In terms of federal public assistance programs Godley said it is unclear how FEMA is going to administer individual assistance programs.
“At this point given the breadth and scope of the impact, it is unclear how FEMA is going to administer the individual assistance programs for our community,” he said.
Following Godley’s presentation, Mase provider her update on the virus.
In terms of age distribution Mase said there are still very few cases in younger people under the age of 18.
“The majority of our cases are happening in adults,” she said.
At the time of the presentation, the county had 29 cases and one death. Since the presentation, the number of cases has increased daily.
In regards to the shelter-in place order, Mase said the county is working with law enforcement to work on enforcing the health order.
“We are working very closely with our law enforcement to actually have some enforcement of the shelter in place. If there are nonessential businesses that are open or some nonessential activities that hare happening, then we will have our police officers respond and go out, check out what’s happening and give some guidance as to what is happening (with the shelter order), or if there are people going to parks and beaches law enforcement will be out trying to enforce it to the extent that they can,” she said.
Mase added that they made the decision to close every single county park in order to mitigate the community transmission of the virus.
“People need to stay at home as much as possible,” she said.

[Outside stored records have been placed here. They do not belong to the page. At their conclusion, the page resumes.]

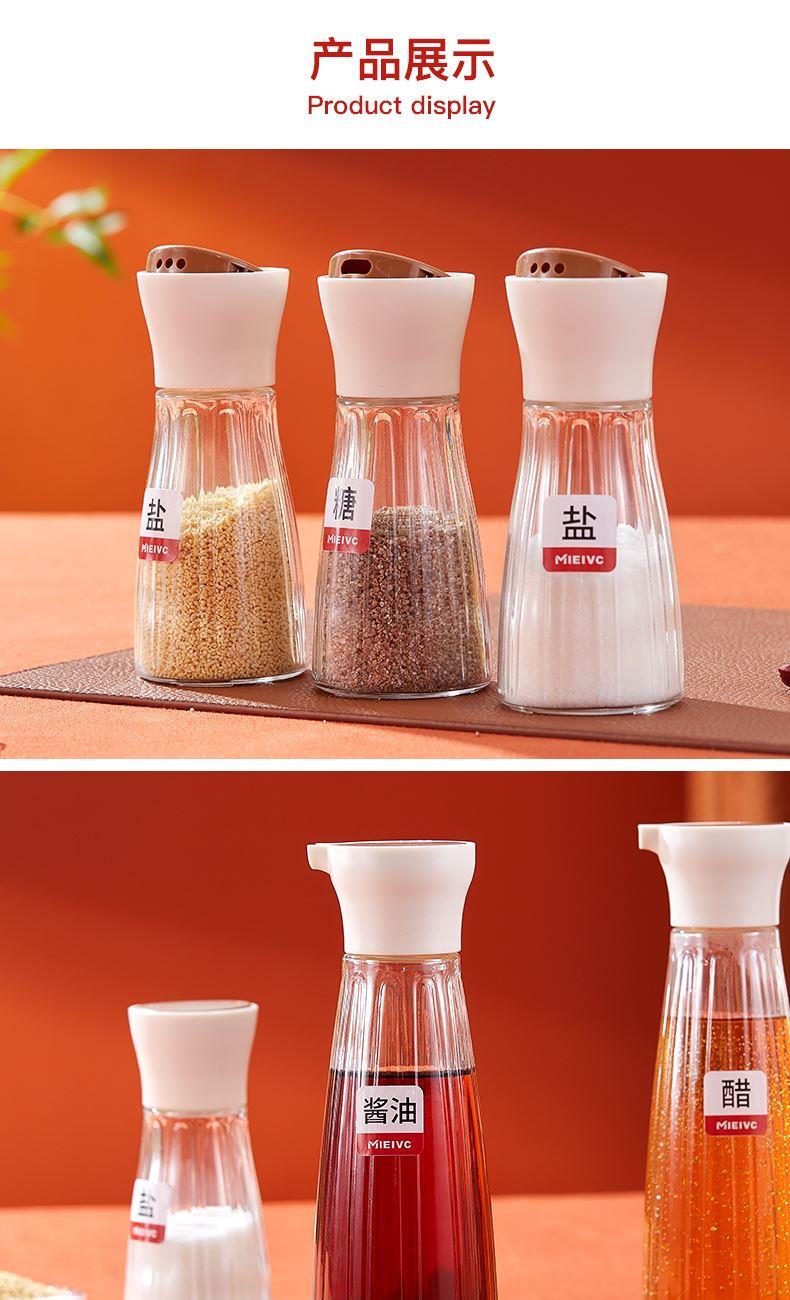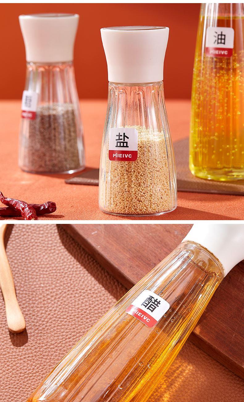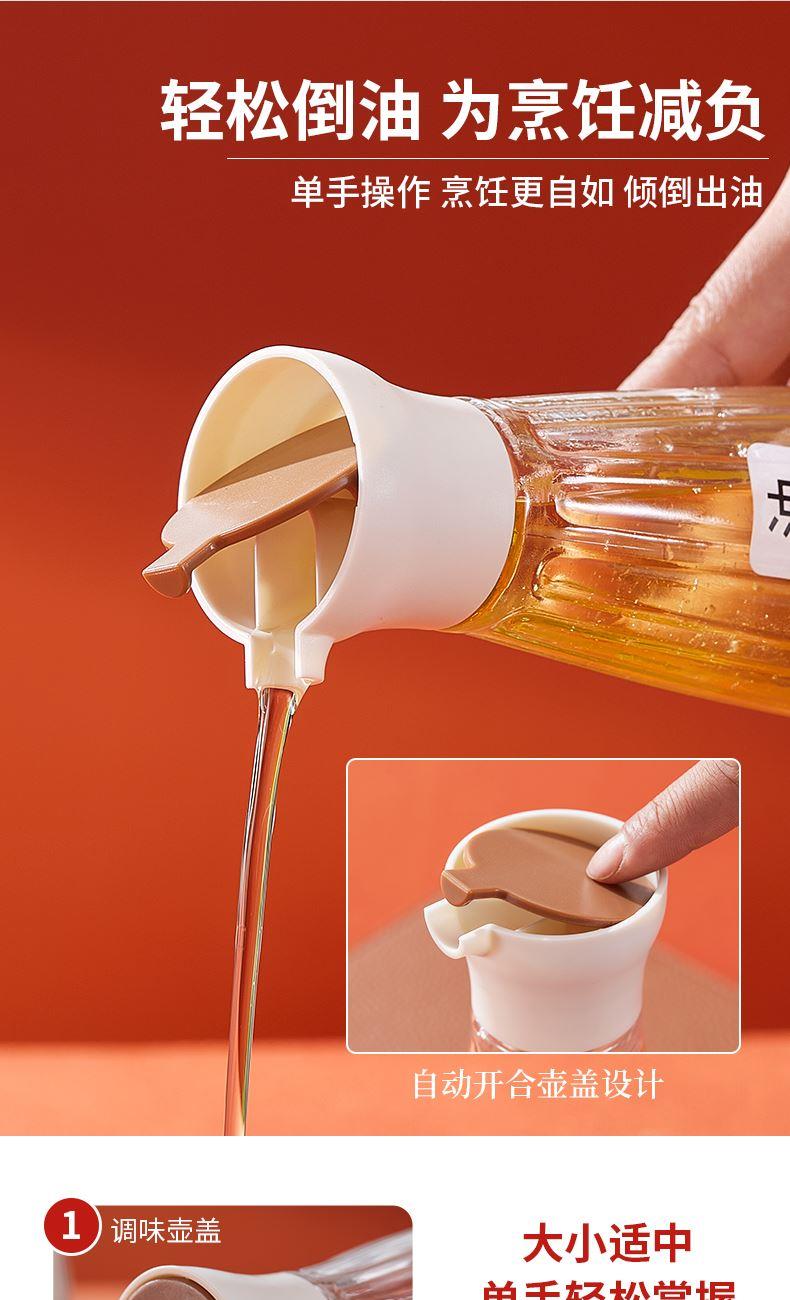 产品规格:油壶420ml*3、调味罐180ml*3 产品材质:钠钙玻璃0~60℃、食品级PP、食品级硅胶 彩盒尺寸:400*96*230mm 外箱尺寸:50.2*41.4*47.8CM 外箱毛重:16.8kg 产品特点: 油壶盖子双孔设计,大小口径可控制食量,壶盖多用,可互换,更懂你的需要,随心所欲,食品级pp、食品级硅胶,开启健康生活。 健康玻璃材质,设计感强,大小适中,握感舒适,倒油省力,男女老少都可轻松拿起。通明瓶身,余量可视,轻松辨别,及时补充,美好食代,油我相伴。 彩盒包装简约时尚设计,提手升级,厨房套装高颜值,高品质产品,开启健康生活,掌控生活每一餐。
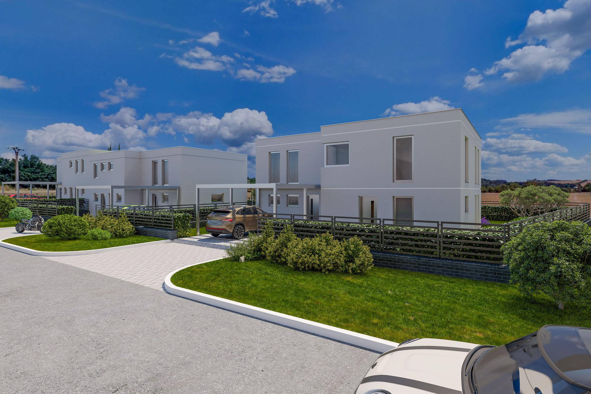 Stavba: Ve výstavbě, cihlová, plochá střecha, keramické stropy, sádrové omítky, vinylové podlahy, plastová okna, laminátové dveře, schodiště dřevo/nerez, fasáda akrylát.
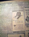Other news, sports and advertisements of the day. Complete in 40 pages, light toning, a little margin wear, archival mend on the front page, address stamp in the masthead, generally good.
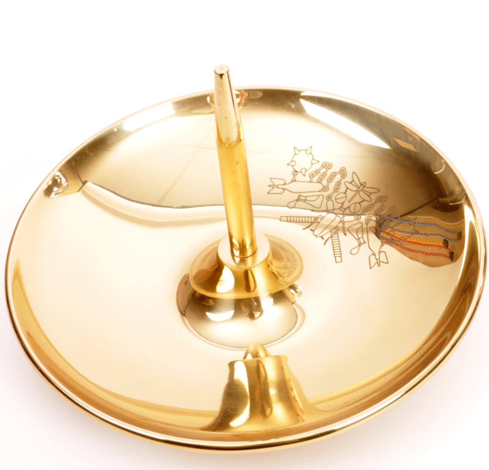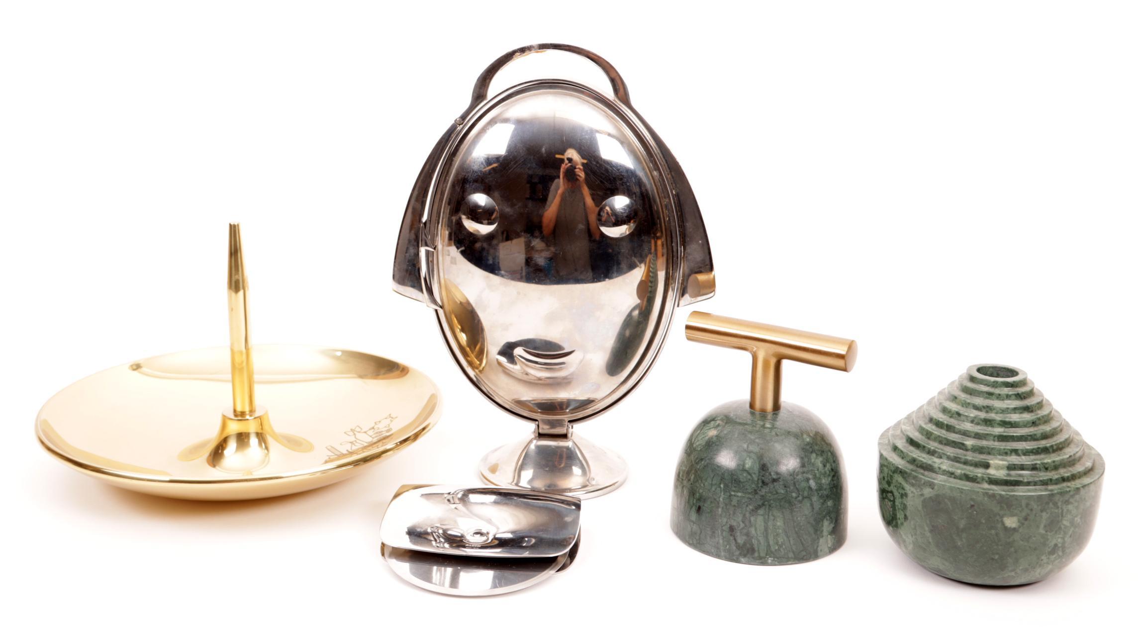Koop van : Alessi rvs taart etagére, pizzasnijder, Studio Job messing kandelaar, groen marmeren kandelaar en een presse papier

As far as testing for the virus, she said the county is testing and that hopefully they will receive more resources such as swabs in order to continue testing of high risk people.
“We can continue to test the highest risk people, contact to contact cases, first responders, medical workers, older folks in nursing facilities, congregate settings like jails, these people will be prioritized for testing,” she said.
Hopkins asked if the testing capacity for the county can be increased.
“We need to bolster our testing capacity,” Mase said. “The biggest issue is not having the testing materials. Those resources our coming and when they do we need to do wide-spread testing. Testing is not the issue, it is more about those resources.”
Hopkins also asked at what point they can share broad demographic data about patients and Mase said they may be able to share information like age and gender when the county hits 50 cases.
Zane was concerned about transparency and said people may feel better if they know where a case came from, however, Mase pointed out that knowing where a case came from wouldn’t provide that much insight since the virus is at a community spread level.